The ${\mathrm{H}}_2$ ${\mathrm{-}}^4$He dimer and small ${}_{}{}^4{}_{}{}^{}\mathrm{He}$ clusters are studied using Monte Carlo sampling techniques. We consider alternative wave-function forms in order to obtain high accuracy efficiently. For the smaller systems, both guided and unguided Metropolis walks are used and the effciencies are studied. Of particular concern is accurate sampling at small particle separations and the behavior of the local energy in this regime. As a final step, we compute exact energies by a diffusion Monte Carlo method. We obtain converged energies significantly below the Green’s-function Monte Carlo values, which employed an earlier He-He potential with a slightly shallower well. For ${\mathrm{He}}_3$ and ${\mathrm{He}}_{20}$, the Green’s-function Monte Carlo energies are reproduced when employing the same potential. However, for the 112-atom cluster, our converged energy lies below the Green’s-function Monte Carlo value.
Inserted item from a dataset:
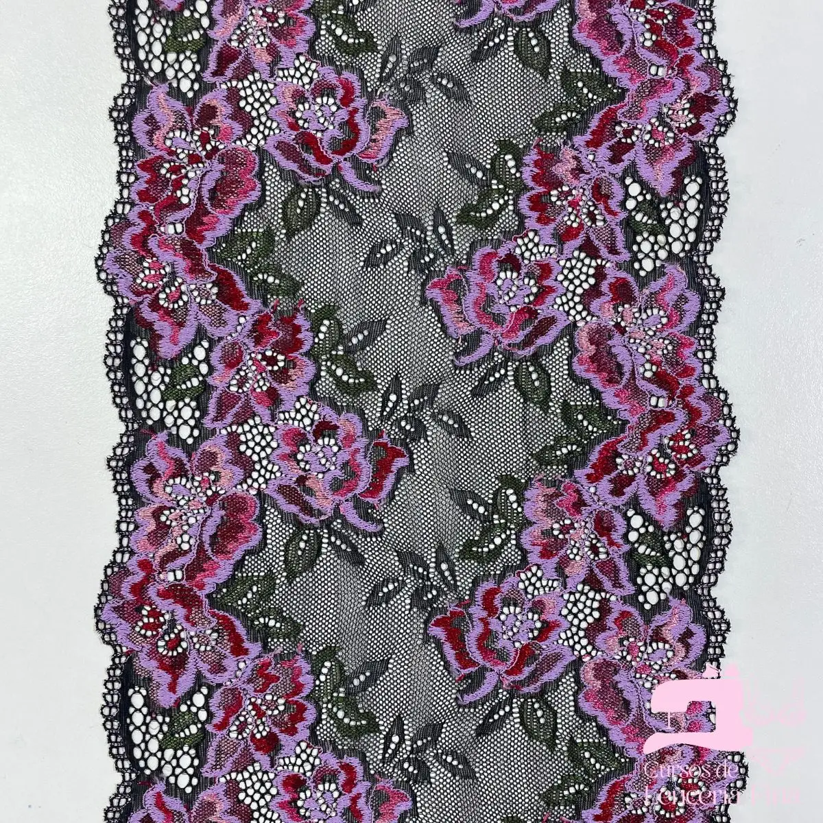 Encaje elástico matizado con diseño Sombra Floral. Tela de encaje con textura suave que presenta relieve delicado y transparencia con diseños florales y geométricos en combinación de dos tonos. Ideal para brasieres, bralettes, baby dolls y prendas de lencería fina con acabado elegante y sofisticado.

Second-order estimates of the exact density profiles and particle separation distributions, p, are also determined. For the 14- and 20-atom clusters, second-order estimates of p show enhanced structure in comparison to variational Monte Carlo results. Statistically meaningful oscillations in the second-order estimates of the exact density profiles are not observed.